● **TASK GOAL**: The result should be the lines from the one holding "Tablecloth white green" to the final line of the records below, repeated exactly and with no pictures.

● **SOURCE MATERIAL**:
★ ★ ★ ★ ★ ★ ★

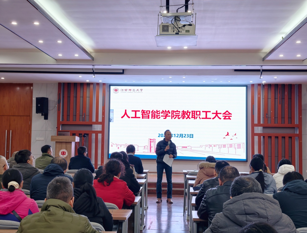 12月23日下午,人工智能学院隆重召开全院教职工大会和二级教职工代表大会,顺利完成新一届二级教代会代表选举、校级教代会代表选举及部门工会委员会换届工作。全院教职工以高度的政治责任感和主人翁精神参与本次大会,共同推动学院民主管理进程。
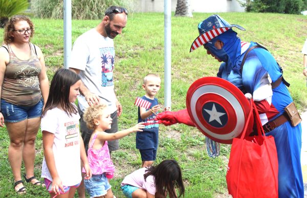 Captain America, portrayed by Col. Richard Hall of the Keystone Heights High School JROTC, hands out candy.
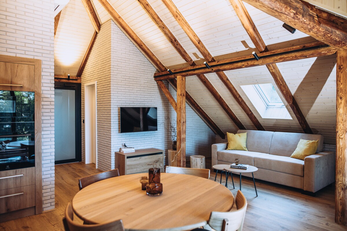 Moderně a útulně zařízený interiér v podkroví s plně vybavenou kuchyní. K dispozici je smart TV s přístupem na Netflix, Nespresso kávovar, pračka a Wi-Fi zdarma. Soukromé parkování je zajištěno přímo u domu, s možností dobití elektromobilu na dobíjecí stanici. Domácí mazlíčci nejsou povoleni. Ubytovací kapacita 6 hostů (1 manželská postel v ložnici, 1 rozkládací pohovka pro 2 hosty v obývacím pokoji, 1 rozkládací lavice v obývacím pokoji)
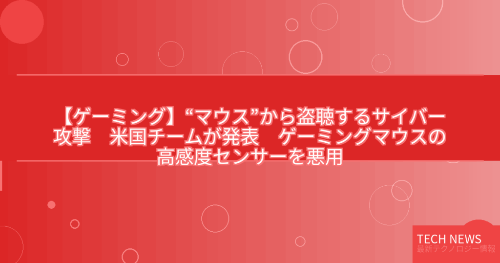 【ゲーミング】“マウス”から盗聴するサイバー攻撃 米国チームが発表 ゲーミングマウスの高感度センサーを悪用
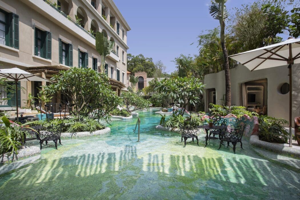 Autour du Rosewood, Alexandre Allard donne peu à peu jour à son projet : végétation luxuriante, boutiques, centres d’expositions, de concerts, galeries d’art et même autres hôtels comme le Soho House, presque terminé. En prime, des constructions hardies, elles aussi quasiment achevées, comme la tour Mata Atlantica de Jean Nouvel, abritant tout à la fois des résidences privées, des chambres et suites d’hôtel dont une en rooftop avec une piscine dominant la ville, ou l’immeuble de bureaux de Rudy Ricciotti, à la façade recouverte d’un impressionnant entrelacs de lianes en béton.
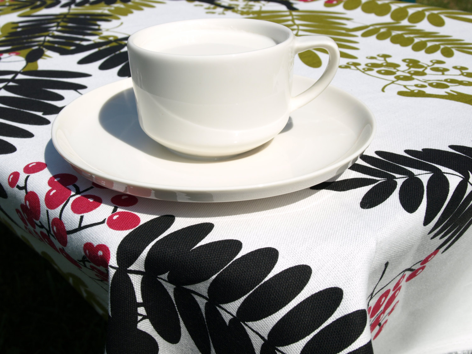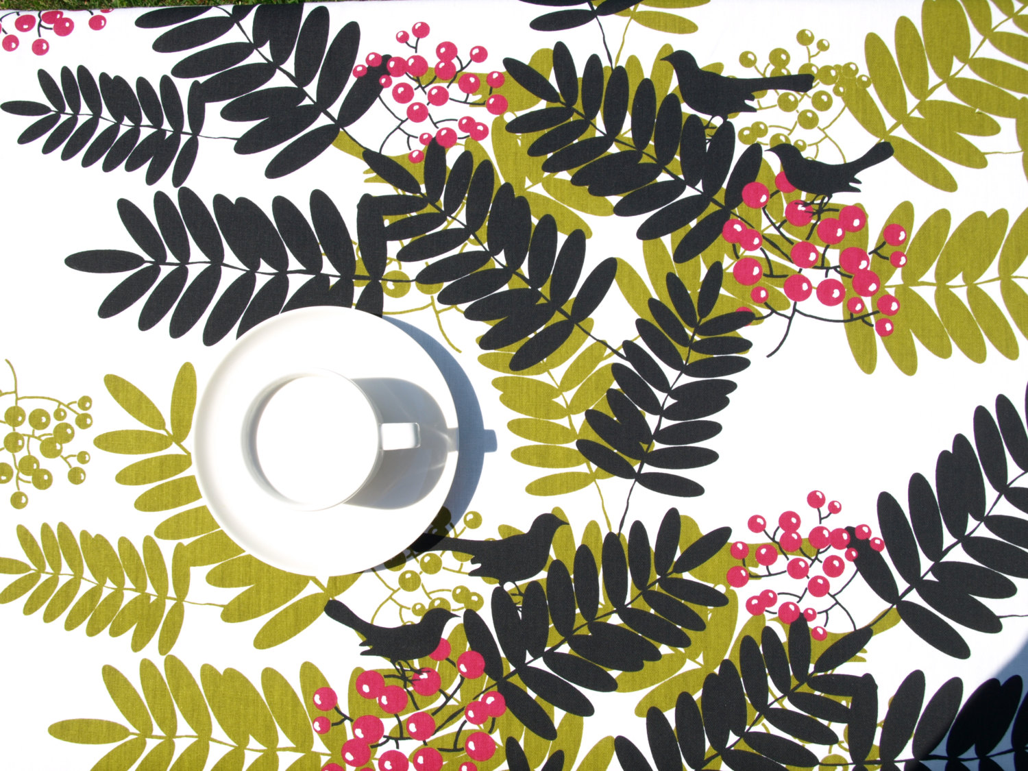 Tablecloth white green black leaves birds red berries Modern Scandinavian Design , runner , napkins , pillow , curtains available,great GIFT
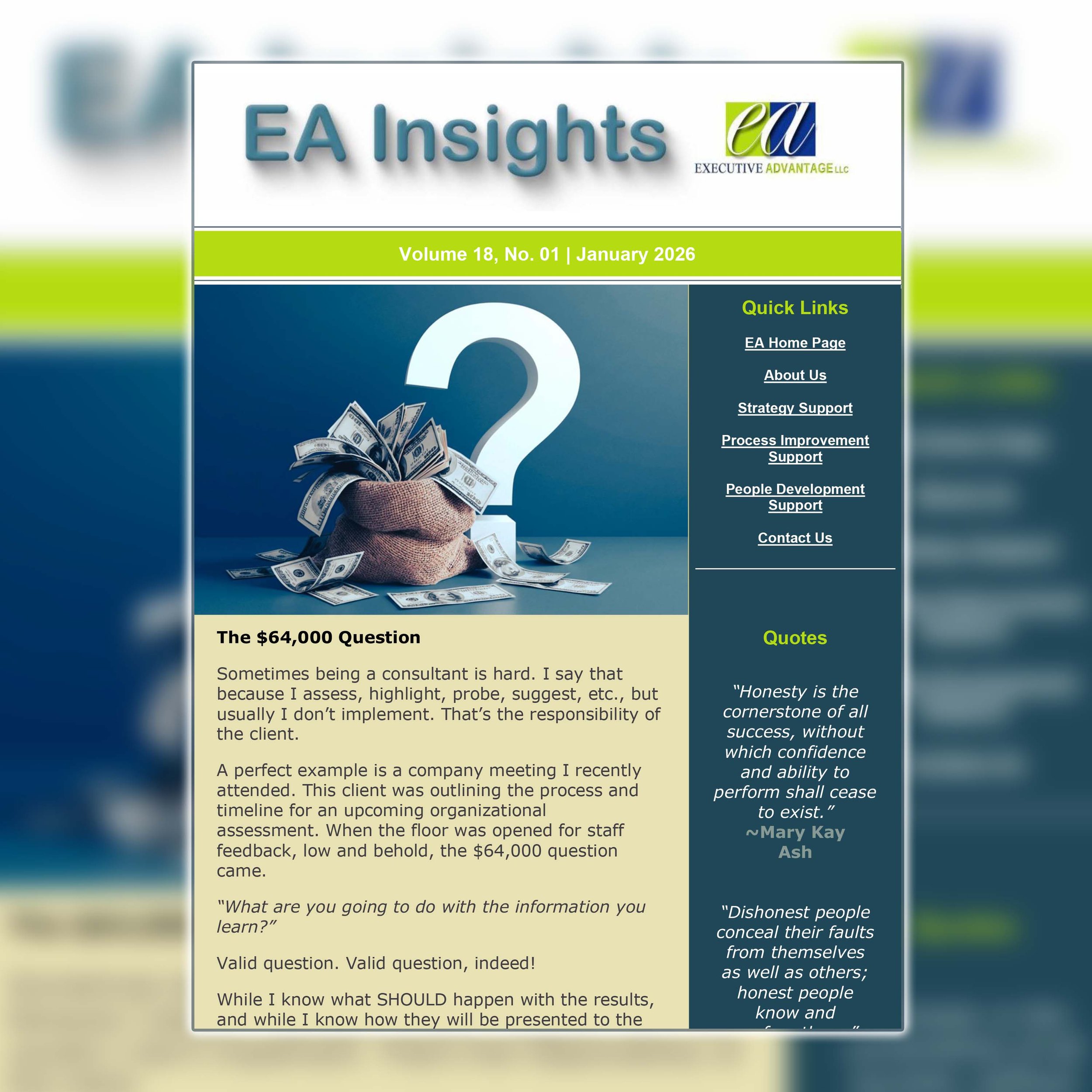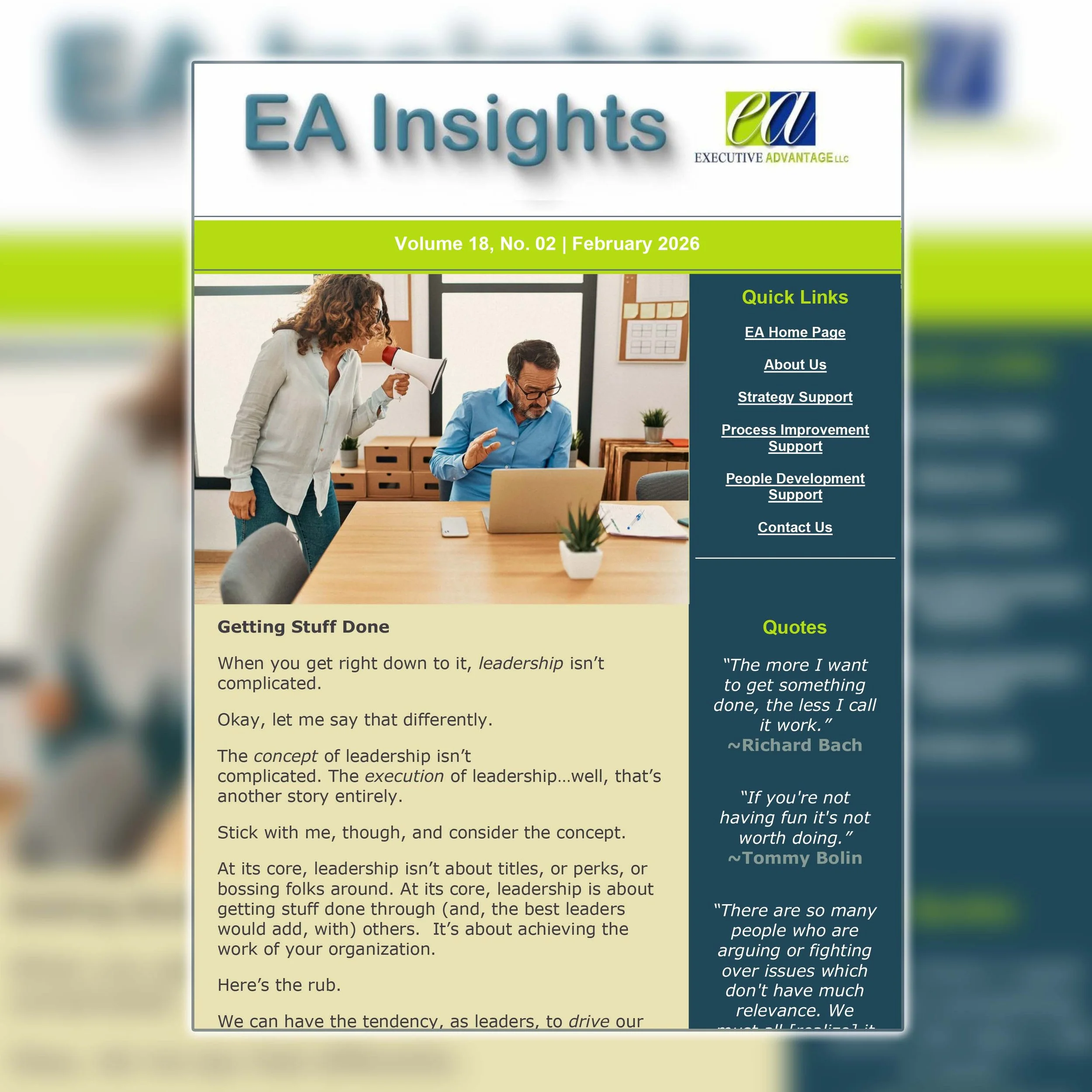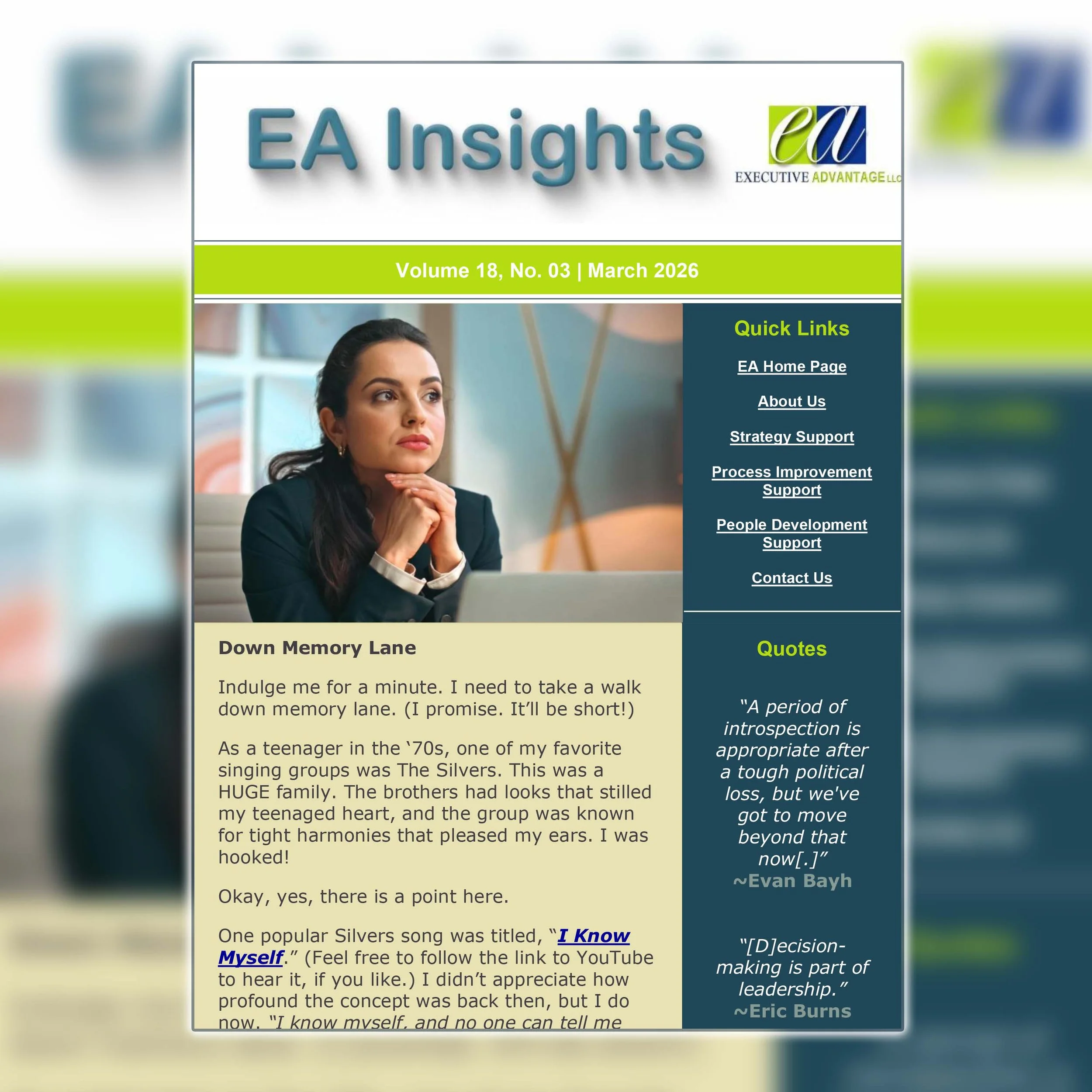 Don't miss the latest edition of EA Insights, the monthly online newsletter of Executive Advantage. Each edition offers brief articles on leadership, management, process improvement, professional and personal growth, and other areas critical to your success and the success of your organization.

★ ★ ★ ★ ★ ★ ★

● **EXERCISE RESPONSE**:
 Tablecloth white green black leaves birds red berries Modern Scandinavian Design , runner , napkins , pillow , curtains available,great GIFT
 Don't miss the latest edition of EA Insights, the monthly online newsletter of Executive Advantage. Each edition offers brief articles on leadership, management, process improvement, professional and personal growth, and other areas critical to your success and the success of your organization.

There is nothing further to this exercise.